Record excerpts:
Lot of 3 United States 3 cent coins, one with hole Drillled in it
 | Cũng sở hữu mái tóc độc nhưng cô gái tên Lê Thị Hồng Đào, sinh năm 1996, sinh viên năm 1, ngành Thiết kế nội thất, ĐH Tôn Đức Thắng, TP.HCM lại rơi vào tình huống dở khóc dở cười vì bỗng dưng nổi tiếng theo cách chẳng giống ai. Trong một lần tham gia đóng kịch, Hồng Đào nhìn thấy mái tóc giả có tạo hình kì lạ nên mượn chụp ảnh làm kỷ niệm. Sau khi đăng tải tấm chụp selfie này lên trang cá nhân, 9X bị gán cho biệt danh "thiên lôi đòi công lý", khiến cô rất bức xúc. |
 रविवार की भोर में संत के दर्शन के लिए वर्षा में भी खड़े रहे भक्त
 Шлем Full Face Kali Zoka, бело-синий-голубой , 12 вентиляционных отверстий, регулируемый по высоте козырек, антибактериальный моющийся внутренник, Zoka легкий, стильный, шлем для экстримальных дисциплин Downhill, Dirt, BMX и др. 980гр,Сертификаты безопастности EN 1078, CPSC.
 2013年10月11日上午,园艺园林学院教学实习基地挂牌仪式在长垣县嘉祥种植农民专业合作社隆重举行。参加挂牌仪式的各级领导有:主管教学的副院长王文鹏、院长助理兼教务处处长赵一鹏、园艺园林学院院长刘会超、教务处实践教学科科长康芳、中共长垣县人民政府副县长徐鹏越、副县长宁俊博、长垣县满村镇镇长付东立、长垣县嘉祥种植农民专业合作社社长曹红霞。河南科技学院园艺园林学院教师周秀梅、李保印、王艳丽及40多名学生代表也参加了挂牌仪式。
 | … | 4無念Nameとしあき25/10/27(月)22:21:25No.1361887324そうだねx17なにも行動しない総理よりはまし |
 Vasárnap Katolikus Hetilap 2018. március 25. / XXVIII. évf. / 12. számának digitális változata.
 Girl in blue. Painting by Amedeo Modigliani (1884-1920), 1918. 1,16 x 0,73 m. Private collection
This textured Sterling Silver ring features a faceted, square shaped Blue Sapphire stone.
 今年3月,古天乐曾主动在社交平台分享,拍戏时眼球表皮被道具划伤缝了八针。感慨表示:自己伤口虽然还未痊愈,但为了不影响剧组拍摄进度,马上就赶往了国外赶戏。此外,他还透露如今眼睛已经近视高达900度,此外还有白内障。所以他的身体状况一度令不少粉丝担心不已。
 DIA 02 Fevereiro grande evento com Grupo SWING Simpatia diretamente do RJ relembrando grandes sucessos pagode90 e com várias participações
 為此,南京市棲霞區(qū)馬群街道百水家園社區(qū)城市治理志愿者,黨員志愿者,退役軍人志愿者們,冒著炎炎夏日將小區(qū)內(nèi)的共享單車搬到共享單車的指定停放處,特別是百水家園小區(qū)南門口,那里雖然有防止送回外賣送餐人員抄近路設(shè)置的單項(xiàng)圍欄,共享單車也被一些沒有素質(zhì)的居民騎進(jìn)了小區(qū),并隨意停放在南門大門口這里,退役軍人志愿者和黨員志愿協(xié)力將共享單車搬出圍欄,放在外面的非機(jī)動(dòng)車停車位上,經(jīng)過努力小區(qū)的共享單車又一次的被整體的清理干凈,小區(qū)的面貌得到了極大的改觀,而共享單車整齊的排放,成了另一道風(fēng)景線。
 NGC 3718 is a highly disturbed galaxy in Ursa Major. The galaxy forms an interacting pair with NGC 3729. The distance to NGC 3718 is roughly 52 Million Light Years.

Task item:
Beginning at the line where "DIA 02 Fevereiro" appears, extract each line through the end of the data above; keep them exact and include nothing else.

Task answer:
 DIA 02 Fevereiro grande evento com Grupo SWING Simpatia diretamente do RJ relembrando grandes sucessos pagode90 e com várias participações
 為此,南京市棲霞區(qū)馬群街道百水家園社區(qū)城市治理志愿者,黨員志愿者,退役軍人志愿者們,冒著炎炎夏日將小區(qū)內(nèi)的共享單車搬到共享單車的指定停放處,特別是百水家園小區(qū)南門口,那里雖然有防止送回外賣送餐人員抄近路設(shè)置的單項(xiàng)圍欄,共享單車也被一些沒有素質(zhì)的居民騎進(jìn)了小區(qū),并隨意停放在南門大門口這里,退役軍人志愿者和黨員志愿協(xié)力將共享單車搬出圍欄,放在外面的非機(jī)動(dòng)車停車位上,經(jīng)過努力小區(qū)的共享單車又一次的被整體的清理干凈,小區(qū)的面貌得到了極大的改觀,而共享單車整齊的排放,成了另一道風(fēng)景線。
 NGC 3718 is a highly disturbed galaxy in Ursa Major. The galaxy forms an interacting pair with NGC 3729. The distance to NGC 3718 is roughly 52 Million Light Years.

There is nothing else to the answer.